The survey does not measure an average bill. For that, we would take the median residential water use for each city and use that number as the basis for the rate calculations. Instead, what this survey shows is the cost of a constant volume of water across the nation’s major metropolitan areas. If you moved from city to city and kept your consumption patterns the same, this is what you would see in your water bill. (And as Aneesh Prabhu, a Standard and Poor’s credit analyst, reminded me: high rates do not necessarily lead to high bills — consumption is the other part of the equation.)
That said, we can look at a few trends:
- Since we started the survey in 2010, Santa Fe continues to have the highest prices at each consumption level. The city has extremely expensive rates in the higher of its two blocks — $US 20.07 per 3,785 liters (1,000 gallons). The city’s rate schedule can be found here.
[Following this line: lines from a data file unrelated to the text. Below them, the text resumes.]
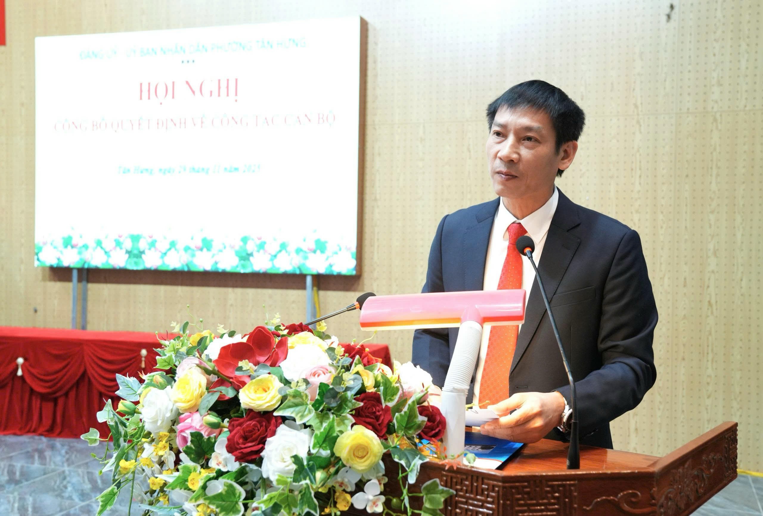 Phát biểu tại hội nghị, đồng chí Bí thư Đảng ủy Nguyễn Trường Thắng chúc mừng và động viên các đồng chí được điều động, bổ nhiệm đồng thời đề nghị trên cương vị công tác mới, các đồng chí tiếp tục phát huy tinh thần trách nhiệm, đoàn kết, nỗ lực hoàn thành tốt nhiệm vụ, góp phần xây dựng đơn vị nói tiêng và phường Tân Hưng nói chung ngày càng phát triển vững mạnh.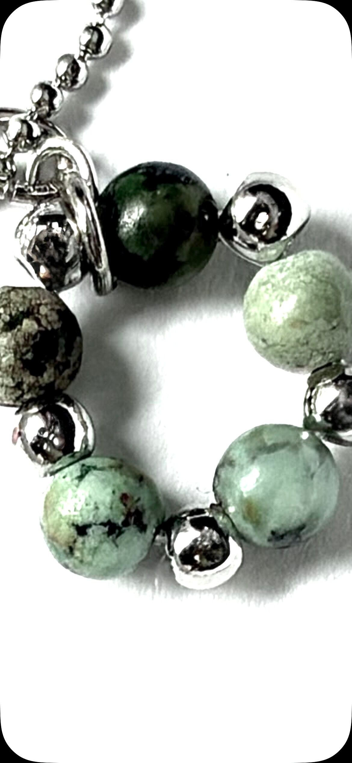 アフリカンターコイズは南アフリカで産出されるジャスパー(碧玉)の一種で、前向きな変化や成長をもたらす守護石とされ、旅のお守りとしても昔から親しまれているパワーストーンです。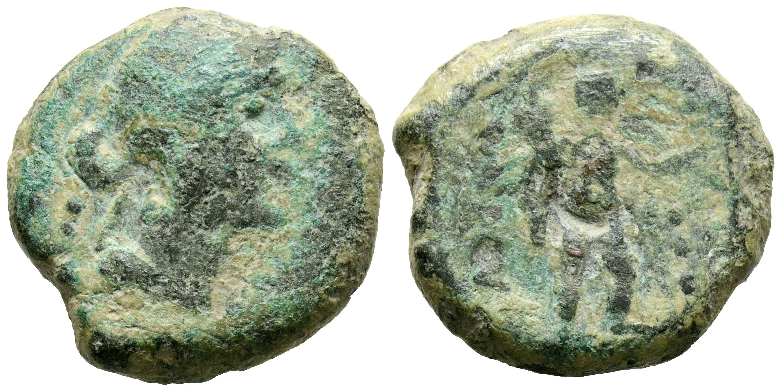COLONIA PATRICIA (Córdoba). Semis. (Ae. 6.95g/19mm). 50 Fine (FAB-1981). Obverse: Head of Venus right, behind two dots, front legend: CN IVLI LF Q. Reverse: Cupid right with cornucopia and torch, front three dots, back legend: CORDVBA. Good Fine.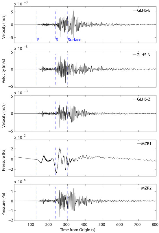 Time series of the east (E), north (N), and vertical (Z) components of the ground velocity measured at the GLHS seismic station and water pressure measured at the MZR1 and MZR2 wells during the arrival of seismic waves from a regional earthquake, on 24 January 2024, M 6.7, that occurred in Turkey at 17:55:14 UTC. The earthquake’s seismic waves arrived at the wells at 17:56:55 UTC. In this figure, time = 0 is 17:54:55 UTC.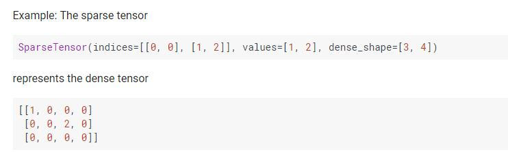 4.SparseTensor(稀疏张量)是一种稀疏的Tensor,类似线代中稀疏矩阵。定义时只需要定义非0的数,其他的数会自动填充。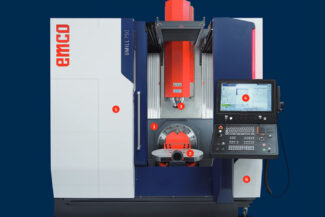 • Universal milling machine with solid rotary-tilting table dimensions 750 x 600 mm for maximum stability and precision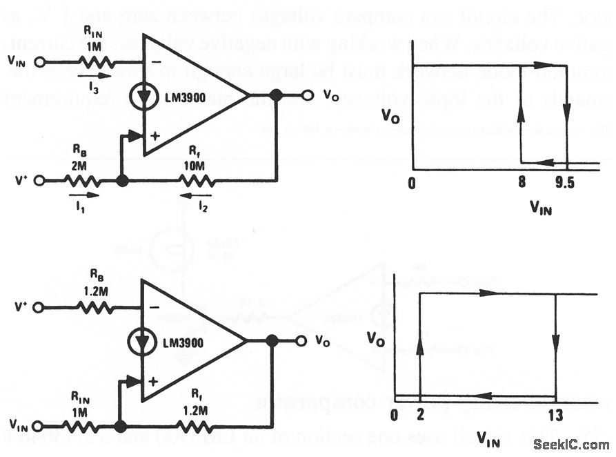 This circuit uses one section of an LM3900 connected to form a Schmitt trigger. Both inverting and noninverting versions are shown. By adjusting the values of RB, RF, and /RIN, the switching values of VIN can be set to any desired levels. National Semiconductor Linear Applications Handbook 1991 p 244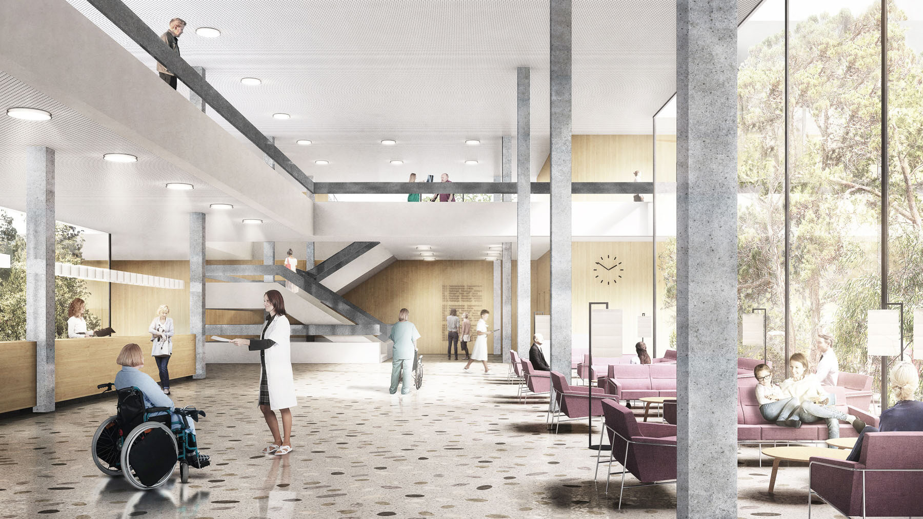 Drei grosszügige, bepflanzte Lichthöfe bringen viel Tageslicht ins Zentrum des insgesamt siebengeschossigen Gebäudes. Im Schnitt durchstossen sie das Gebäude bis in die Untergeschosse. Im Erdgeschoss schaffen die Höfe interessante Blickbeziehungen quer durch das Gebäude. Der Anmeldung und dem Wartebereich verleihen sie eine einzigartige Raumstimmung. Zudem ermöglicht der südliche Hof den direkten Blickbezug zum Restaurant, das an der Südseite des Gebäudes mit einer Terrasse zum Park angeordnet ist. Nebst der angenehmen Raumatmosphäre ermöglichen die Höfe auch eine optimale Orientierung für die Besucherinnen sowie das Personal.

- To encourage conservation. The city is in a dry region and has few reliable water sources. Anecdotally, I can tell you that the rates have a significant effect on landscaping, which is typically the top residential water use. When I was in Santa Fe last November for a reporting fellowship, I remember seeing no homes with a lawn.
- To pay for new infrastructure. The city is constructing a water supply project from the Rio Grande, 25 miles to the northwest. The Buckman Direct Diversion will cost the city $US 187 million. With a small base of ratepayers (around 78,000), such a project has a greater effect on what each customer must pay.
- Santa Fe is not alone among cities that are raising rates to pay for long-distance diversions. Colorado Springs, which is not a part of the Circle of Blue survey, broke ground last year on the $US 1 billion Southern Delivery System, a 100-kilometer (62-mile) pipeline with a treatment plant and three pump stations to lift the water roughly 300 meters (1,000 feet). At first, utility managers said the project would double water bills for Colorado Springs residents between 2010 and 2016, but now they are claiming that the increase may be only 50 percent.
Residents in Santa Fe see high rates for a couple reasons.
Click on the first image above to enlarge a photo of the dry Santa Fe River beds that I took when I visited the New Mexico capital last November. Reservoirs in the upper reaches of the river are one of the city’s water sources. Click the second image above to enlarge a graphic showing Santa Fe’s water pricing from 2010, 2011, and 2012. Click the third image above to enlarge a table showing how Santa Fe’s water price changes from 2011 to 2012 compare with other U.S. cities that seasonally adjust their water prices. Both graphics made by Circle of Blue design intern, Amanda Northrop.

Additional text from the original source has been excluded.